但如此的話,干預此陣的存在,既然有能力做到將如此恢宏之陣遮掩,更能瞞過仙道大乘的感知。
又何必如此大動干戈,直接破壞此陣,將天衍圣獸救出,豈不是更簡單?
還是說,有什么東西,讓布下此遮掩屏障者,有所顧忌?
楚牧邁步前行,緩緩靠近此陣。
縱已踏入此陣,也難窺此屏障遮掩的異常。
所感知的陣禁規則,也與他先前所窺,完全一致。
這無疑也證明著,布下此遮掩屏障的存在,必然對這一座規則大陣,極其熟悉!
如若不然,也不可以將這份遮掩屏障模擬得與此大陣完全一致。
“難道……是他?”
楚牧下意識的回想起先前在那幻域之中,驚鴻一瞥所見到的一襲潔白長衫,那恐怖的幕后存在。
與天衍圣獸有著極其密切的關聯,也具備做到這一點的恢宏偉力……
諸多條件,似乎也皆符合這一道詭異屏障的幕后存在。
而且,就他剛才窺得此陣搖搖欲墜的態勢來看,這個時間段,到他飛升靈界,再至如今。
這么多年過去……
是不是意味著,這一座恢宏大陣,已經崩塌,天衍圣獸,也已經脫困而出。
又或者,距離崩塌,脫困,也已經近在咫尺?
若是如此的話……
此刻,楚牧倒也安心不少。
天塌下來,尚有高個子頂著。
在曾經的修仙界,他不得不挺身而出,直面天衍圣獸這等恐怖存在。
但如今身處靈界,縱使天衍圣獸已經脫困而出,可也與他沒有太大關聯。
以他獨特的命運,天衍圣獸哪怕盯上他,想要找到他的存在,也絕非易事。
真要鬧出什么大動靜,這恢宏靈界,也必然會有大能出手,鎮壓也好,搏殺也罷,牽扯到他楚牧的可能性,也并不大。
此刻,楚牧也沒有再過多窺探。
眼前的這一切,已經很清晰的證明,天衍圣獸的脫困,幾乎已是必然。
區別也只是在于時間的早晚而已。
他于此地縱使窺視得再多,也逆轉不了結局的注定。
從這恢宏星云環而出,楚牧卻是突然駐足于這混沌虛空。
下一刻,他似是想到了什么,身形突兀一閃,下一刻,便消失在了這方混沌虛空,再出現之時,已然跨越頗為遙遠的距離,出現在曾經那方修仙界所處的混沌虛空之中。
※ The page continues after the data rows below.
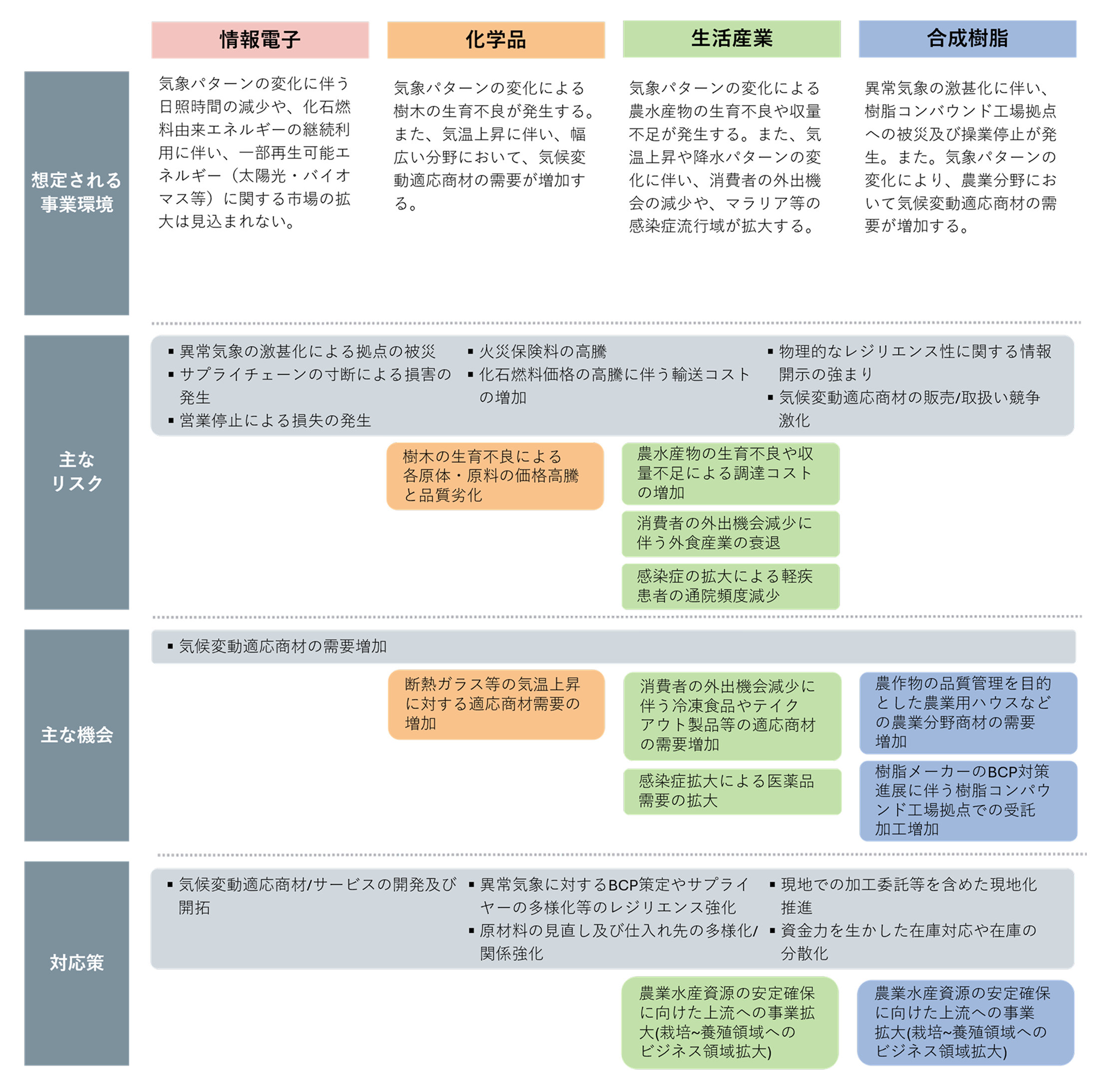 それぞれのセグメントは、取り扱う商材が違うというだけでなく、販売する市場やサプライチェーンなども大きく違います。そのため、気候変動リスクに対しても、以下のとおり、影響があるリスクやその影響の大きさについても差異が認められました。
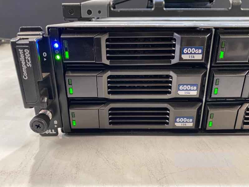 RACKMOUNT STORAGE ARRAY, DELL COMPELLENT SC200, 2U, 12 x 600GB SAS (12Gbps) (2.5") HDD, 2 x SAS CONTROLLERS (00TW47), 2 x 700W PSU (NO CABLES) S/N:GHPQ102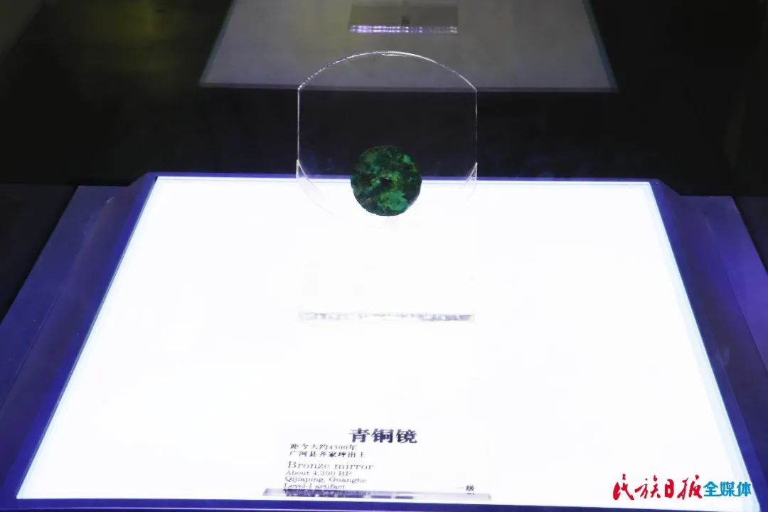 齐家坪遗址不但有丰富的文化遗迹和出土数量众多的遗物,该遗址先后出土了石器、陶器、骨器、玉器等生产工具和生活用具等几千件遗物,而且也十分著名,其中出土的一面铜镜,为中国迄今为止年代发现的年代最为久远的铜镜,被美誉为“中华第一镜”。1975年,甘肃省博物馆文物工作队在对齐家坪遗址41号墓葬的发掘中,考古人员发掘出一面铜镜,该铜镜形状呈扁平圆形,直径6.2厘米,厚0.3厘米,镜面光素无饰,背面中央有一桥形钮,钮高0.5厘米。从该铜镜铸造工艺来看,属于一次范模浇铸成型,钮部有锻饰痕迹,边缘规整光滑,器物通体有锈蚀斑迹,现收藏于甘肃省考古研究所,这面铜镜虽然在黄土地里埋藏了四千年的时光,但依旧不能磨灭它过去的辉煌,虽然已经不能照耀出我们的模样,但是通过镜面我们看到的是勤奋努力,光彩夺目的辉煌往事,中华文化因为勤奋和智慧而得以在世界上占据一席之地。这面铜镜的出土,说明原始社会后期的齐家文化已有铜镜出现,在铜镜发展史上具有重要意义。

混沌巨石如同一枚枚隕石懸浮飄蕩,構筑成一巨石群環繞在這一方混沌虛空。
這一切,也與他記憶中的那一處混沌虛空,并無太大區別。
既是如此的話,那再往前……
楚牧邁步而動,下一刻,他便于一處靜謐的虛空懸浮。
在他身前,隱隱約約的空間波動,盡管頗為隱晦,但在這靜謐的虛空之間,卻也無比之清晰。
當年的他,便是以此空間通道為指引,踏上了尋找靈界的漫長旅途。
而眼下,在這方幻域,這條空間通道,同樣存在……
楚牧未有猶豫,一步踏出,便置身于這方空間通道之中。